TL;DW: Stonefire is the non-EQ EQ designed for ConsoleX.
Stonefire.zip(516k)
There’s a reason people have never turned to using Kalman filters for audio purposes.
They’re tricky little buggers, unpredictable, with a ‘filter slope’ that makes no sense at all. They’ll take the crossover point and bounce it around wildly, they’ll throw in weird gatey behaviors, they’ll turn what’s supposed to be a ‘smooth’ ‘filtered’ sound into an edgy growl and sputter. They’re meant to pull real data out of a pile of noise, not to take real audio and give you anything sensible. Nobody would want a Kalman filter for audio purposes.
Stonefire uses two different kinds of Kalman filters for audio, as crossovers. The top crossover is the same as what’s in Air3. The bottom crossover comes with a range control (even though that won’t give you a ‘frequency’) and is the same as what’s in Kalman.
And when used properly, Stonefire gives you unprecedented levels of tonal control over the texture and presentation of your sound, in a way that almost doesn’t even have to do with frequency.

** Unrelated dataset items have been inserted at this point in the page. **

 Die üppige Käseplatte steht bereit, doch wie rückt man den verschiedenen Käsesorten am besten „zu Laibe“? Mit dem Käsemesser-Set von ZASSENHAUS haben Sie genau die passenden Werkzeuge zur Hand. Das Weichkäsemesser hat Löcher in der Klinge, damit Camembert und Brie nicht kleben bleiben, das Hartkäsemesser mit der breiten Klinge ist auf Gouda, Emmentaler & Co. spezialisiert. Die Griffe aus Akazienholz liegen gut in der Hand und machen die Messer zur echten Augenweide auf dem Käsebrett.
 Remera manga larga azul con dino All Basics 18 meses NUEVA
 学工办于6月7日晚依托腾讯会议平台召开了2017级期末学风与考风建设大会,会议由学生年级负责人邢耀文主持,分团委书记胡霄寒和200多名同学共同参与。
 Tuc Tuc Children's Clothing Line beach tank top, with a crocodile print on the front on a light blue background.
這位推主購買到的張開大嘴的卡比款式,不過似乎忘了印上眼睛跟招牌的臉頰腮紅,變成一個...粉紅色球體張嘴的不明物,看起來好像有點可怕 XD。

There’s three bands, plus the Range control. Air, Fire, and Stone. Each can be cut back to zero, or boosted (Fire and Stone match, while Air has a lot more gain on tap but will match from 0.5 down to 0.0.) If you cut them back to zero you’ll get the weird Kalman behavior, but it’ll help you set the Range control appropriately. You can set it so Stone covers the lowest lows (never JUST those, it will always do other stuff too) or up to the high mids and lower treble.

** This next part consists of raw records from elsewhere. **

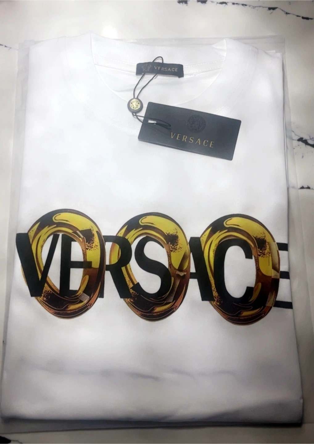 82Selling a Versace white t-shirt in size L. The shirt features a large Versace logo on the front. It's in great condition and comes in its original packaging in size M, L, XL
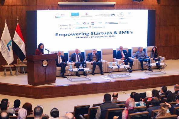 جاء ذلك خلال مشاركتها في الجلسة النقاشية التي عقدها الاتحاد العام للغرف التجارية، حول تمكين الشركات الناشئة والمشروعات الصغيرة والمتوسطة ومتناهية الصغر، بحضور السيد/ أحمد الوكيل، رئيس الاتحاد، والدكتور علاء عز، الأمين العام للاتحاد، والسيدة/ ميرنا عارف، مدير عام شركة مايكروسوفت مصر، والدكتور خالد حنفي، أمين عام اتحاد الغرف العربية، والعديد من ممثلي شركات القطاع الخاص ومجتمع الأعمال، والشركات الناشئة،والمشروعات الصغيرة والمتوسطة.
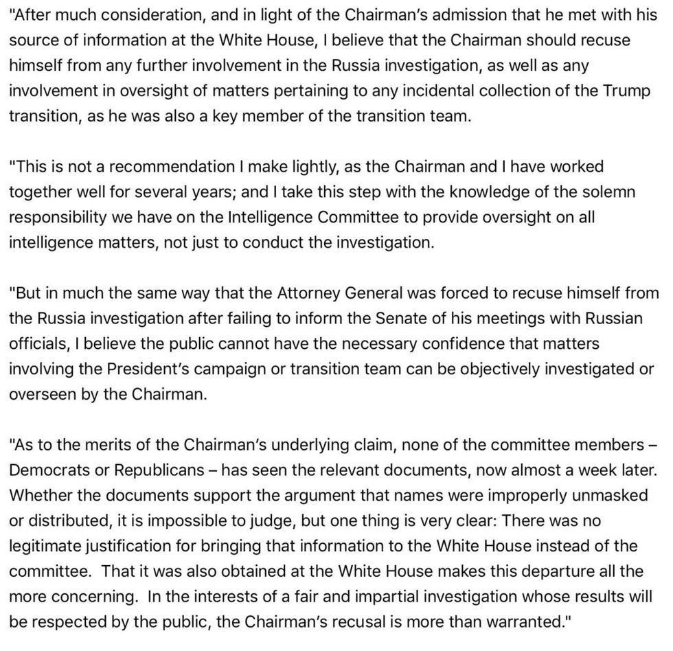 Do we need to transcribe that whole thing? Nah, you lose, don't feel like it. Basically it says that because Nunes is meeting his sources at the White House in the dead of night wearing a platinum blonde wig and no panties, allegedly, and then refusing to share his "secret information" with any of the members of his own intelligence committee, then for the public to be able to have faith in the investigation, Nunes needs to recuse himself, just like Attorney General Jeff Sessions did, after it was revealed he lied about meeting with the Russian ambassador. (We don't know whether Jeff Sessions was wearing panties when he had those meetings, but now you're thinking about it, HAHA.)

Then, if you keep everything balanced and make smaller adjustments, the secret of the Kalman filter emerges. You have to use it as a crossover, and let it apply its incredibly strong character to texture, not frequency. It utterly fails to be a ‘filter’, but it’s an extraordinary texture-shaper, and it’s what I’m going to be building the upcoming ConsoleX system around.
Use the Air control like you would in Air3. You can cut back super-highs while seeming to not affect the brightness at all, with a strikingly natural effect. Or, boost it to bring that sparkly aura and light up the sound. It’s a custom algorithm that deals with high sample rates by just ramping up the boost: treat it with respect, but it’s there to serve your needs for glitter or lack of same.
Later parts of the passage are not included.